Planning with Large Language Models for Code Generation

Authors: Shun Zhang, Zhenfang Chen, Yikang Shen, Mingyu Ding, Joshua B. Tenenbaum, Chuang Gan

ICLR 2023 | Conference PDF | Archive PDF | Plain Text | LLM Run Details

Reproducibility Variable Result LLM Response
Research Type Experimental We empirically evaluate our framework with several large language models as backbones on public coding challenge benchmarks, showing that 1) it can generate programs that consistently achieve higher performance compared with competing baseline methods
Researcher Affiliation Collaboration Shun Zhang, Zhenfang Chen, Yikang Shen MIT-IBM Watson AI Lab Mingyu Ding The University of Hong Kong Joshua B. Tenenbaum MIT BCS, CBMM, CSAIL Chuang Gan UMass Amherst, MIT-IBM Watson AI Lab
Pseudocode Yes We provide the pseudocode of our Planning-Guided Transformer Decoding algorithm (PG-TD) in Algorithm 1 and illustrate the whole process in Figure 2.

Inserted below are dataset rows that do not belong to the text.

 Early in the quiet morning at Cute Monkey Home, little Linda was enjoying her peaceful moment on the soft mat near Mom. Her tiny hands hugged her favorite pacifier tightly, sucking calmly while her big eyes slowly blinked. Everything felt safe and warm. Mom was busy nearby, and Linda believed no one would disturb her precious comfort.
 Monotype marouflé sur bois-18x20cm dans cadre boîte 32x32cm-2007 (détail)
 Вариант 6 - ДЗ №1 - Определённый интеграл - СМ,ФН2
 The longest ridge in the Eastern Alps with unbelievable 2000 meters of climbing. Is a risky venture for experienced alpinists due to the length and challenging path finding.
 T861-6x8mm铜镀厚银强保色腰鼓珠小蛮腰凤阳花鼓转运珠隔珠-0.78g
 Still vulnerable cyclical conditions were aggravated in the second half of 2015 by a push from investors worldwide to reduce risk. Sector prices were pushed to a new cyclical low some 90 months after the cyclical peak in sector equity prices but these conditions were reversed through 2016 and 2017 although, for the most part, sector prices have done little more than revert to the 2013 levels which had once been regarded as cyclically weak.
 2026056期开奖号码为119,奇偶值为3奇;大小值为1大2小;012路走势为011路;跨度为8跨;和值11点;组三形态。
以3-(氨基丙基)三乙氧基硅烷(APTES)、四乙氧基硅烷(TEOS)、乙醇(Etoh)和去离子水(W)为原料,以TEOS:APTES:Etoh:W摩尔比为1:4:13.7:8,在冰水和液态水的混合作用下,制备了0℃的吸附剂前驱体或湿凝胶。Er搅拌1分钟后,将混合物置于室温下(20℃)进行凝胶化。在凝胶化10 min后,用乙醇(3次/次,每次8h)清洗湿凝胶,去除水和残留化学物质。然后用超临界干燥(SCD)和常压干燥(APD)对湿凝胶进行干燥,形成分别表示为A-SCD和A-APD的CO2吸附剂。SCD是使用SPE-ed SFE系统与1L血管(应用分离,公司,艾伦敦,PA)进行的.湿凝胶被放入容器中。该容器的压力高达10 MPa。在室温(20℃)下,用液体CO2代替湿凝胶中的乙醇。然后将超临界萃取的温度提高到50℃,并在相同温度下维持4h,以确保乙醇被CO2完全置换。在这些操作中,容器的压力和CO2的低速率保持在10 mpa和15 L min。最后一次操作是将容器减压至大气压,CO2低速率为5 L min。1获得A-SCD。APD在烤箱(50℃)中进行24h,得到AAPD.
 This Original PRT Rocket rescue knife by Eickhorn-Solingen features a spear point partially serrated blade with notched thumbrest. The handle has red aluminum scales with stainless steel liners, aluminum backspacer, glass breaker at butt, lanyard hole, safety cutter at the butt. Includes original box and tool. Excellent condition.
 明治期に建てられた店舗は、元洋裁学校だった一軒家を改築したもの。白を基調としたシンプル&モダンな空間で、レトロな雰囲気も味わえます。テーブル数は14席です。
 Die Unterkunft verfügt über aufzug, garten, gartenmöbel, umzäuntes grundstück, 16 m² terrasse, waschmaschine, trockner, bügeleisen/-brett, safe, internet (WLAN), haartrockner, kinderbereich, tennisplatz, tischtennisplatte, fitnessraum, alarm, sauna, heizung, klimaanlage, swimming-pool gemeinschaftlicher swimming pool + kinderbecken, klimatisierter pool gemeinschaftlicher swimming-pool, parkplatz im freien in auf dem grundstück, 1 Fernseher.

Open Source Code No Project page: https://codeaimcts.github.io. The paper provides a project page link, but does not explicitly state that the source code for the methodology is available there, nor is it a direct link to a code repository.
Open Datasets Yes The APPS dataset (Hendrycks et al., 2021) is released under MIT License 2. The Code Contests dataset (Li et al., 2022) is released under Apache License 2.0 3.

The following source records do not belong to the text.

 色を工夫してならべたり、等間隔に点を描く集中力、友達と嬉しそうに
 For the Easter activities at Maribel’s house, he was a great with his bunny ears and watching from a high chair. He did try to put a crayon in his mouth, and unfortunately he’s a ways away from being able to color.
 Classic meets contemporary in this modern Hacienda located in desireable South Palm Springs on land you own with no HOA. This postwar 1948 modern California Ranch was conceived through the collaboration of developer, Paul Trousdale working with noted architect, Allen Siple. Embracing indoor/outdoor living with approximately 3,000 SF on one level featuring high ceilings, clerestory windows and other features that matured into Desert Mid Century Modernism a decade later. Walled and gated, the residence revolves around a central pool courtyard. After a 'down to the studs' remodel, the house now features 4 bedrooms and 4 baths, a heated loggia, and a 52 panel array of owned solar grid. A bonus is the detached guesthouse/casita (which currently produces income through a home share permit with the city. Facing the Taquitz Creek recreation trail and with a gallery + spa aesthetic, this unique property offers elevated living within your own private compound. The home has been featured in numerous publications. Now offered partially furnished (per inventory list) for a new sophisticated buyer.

Dataset Splits Yes For the APPS dataset, we split all the test cases of a program evenly into two sets, where the first set is used as the public test cases for the algorithms to optimize the pass rate, and the second set is used as the private test cases for evaluating the generated programs. ... We use the first 500 problems in the interview-level problems in APPS test set for validation and the introductory-level problems in APPS test set for testing.
Hardware Specification Yes Our experiments are run on machines with two Intel(R) Xeon(R) Gold 6258R CPUs (@ 2.70GHz), and one V100-SXM2 GPU.

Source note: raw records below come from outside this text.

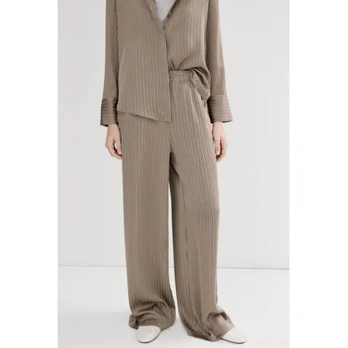 Ga voor ontspannen elegantie met deze Mango satijnen broek met hoge taille in een warme bruintint. De soepelvallende satijnstof geeft een subtiele glans, terwijl het rechte, losse ontwerp luchtig om het lichaam valt. De verticale strepen zorgen voor een lang, gestroomlijnd effect, ideaal als je een rustige maar verzorgde look zoekt.Losse pasvorm met satijnachtige glans Gemaakt van 100% polyester met een gladde satijnlook, gevoerd met 100% polyester voor extra comfort Loose fit met recht pijpontwerp, waardoor de broek ruim en soepel valt Hoge taille met elastische, verstelbare band voor een comfortabele en flexibele pasvorm Twee praktische zijzakken en sierzakken achter voor een nette uitstraling Lang model, geschikt om te dragen met zowel platte schoenen als hakken Gestreepte print in bruintinten voor een rustige en harmonieuze uitstralingCasual broek voor werk, weekend en reizenDeze casual broek is ideaal op dagen waarop comfort net zo belangrijk is als uitstraling. De stijl past bij zowel een ontspannen als een meer verzorgde outfit, afhankelijk van de top en schoenen waarmee je de broek combineert. De elastische tailleband maakt de broek ook prettig voor langere dagen onderweg of op kantoor.Mango: moderne stijl voor elke dagMango staat bekend om mode die trends volgt en toch draagbaar blijft in het dagelijks leven. Met aandacht voor pasvorm en details biedt Mango kledingstukken die makkelijk te combineren zijn en lang een vaste plek in je garderobe houden.Een soepele, gestreepte basisbroek die je zonder moeite een stijlvolle dagoutfit laat samenstellen.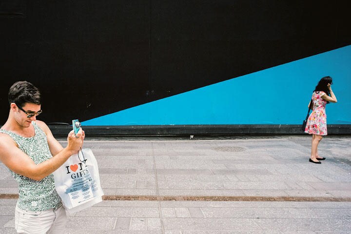 ニューヨークの街中にあふれる広告の看板や標識、通りの壁に描かれたデザインや落書き。そして、そこを行き交うビジネスマンや家路を急ぐ女性――。同じ空間に存在する「静と動」が交差する瞬間に、偶然の構図が生み出され、非現実的な世界がつくられる。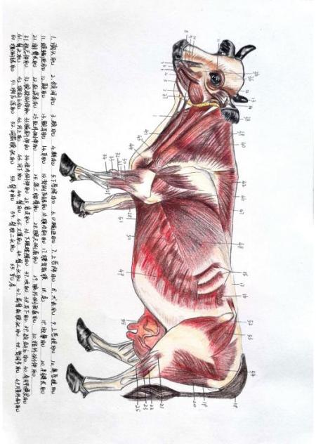 陈恺璐 作品《牛全身浅层肌肉手绘图》被评为优秀奖。

Software Dependencies No The paper mentions 'Huggingface Transformer (Wolf et al., 2019)' and 'GPT-2 and GPT-Neo' but does not provide specific version numbers for software dependencies used in the experiments (e.g., PyTorch, TensorFlow, specific Python libraries).
Experiment Setup Yes For PG-TD, we set the maximum number of children of any node (k) to be 3, and the beam size (b) to be 1 by default. For the baseline methods, we sample at most 512 programs in Sampling + Filtering, and maintain a set of 200 partial programs in each iteration for SMCG-TD.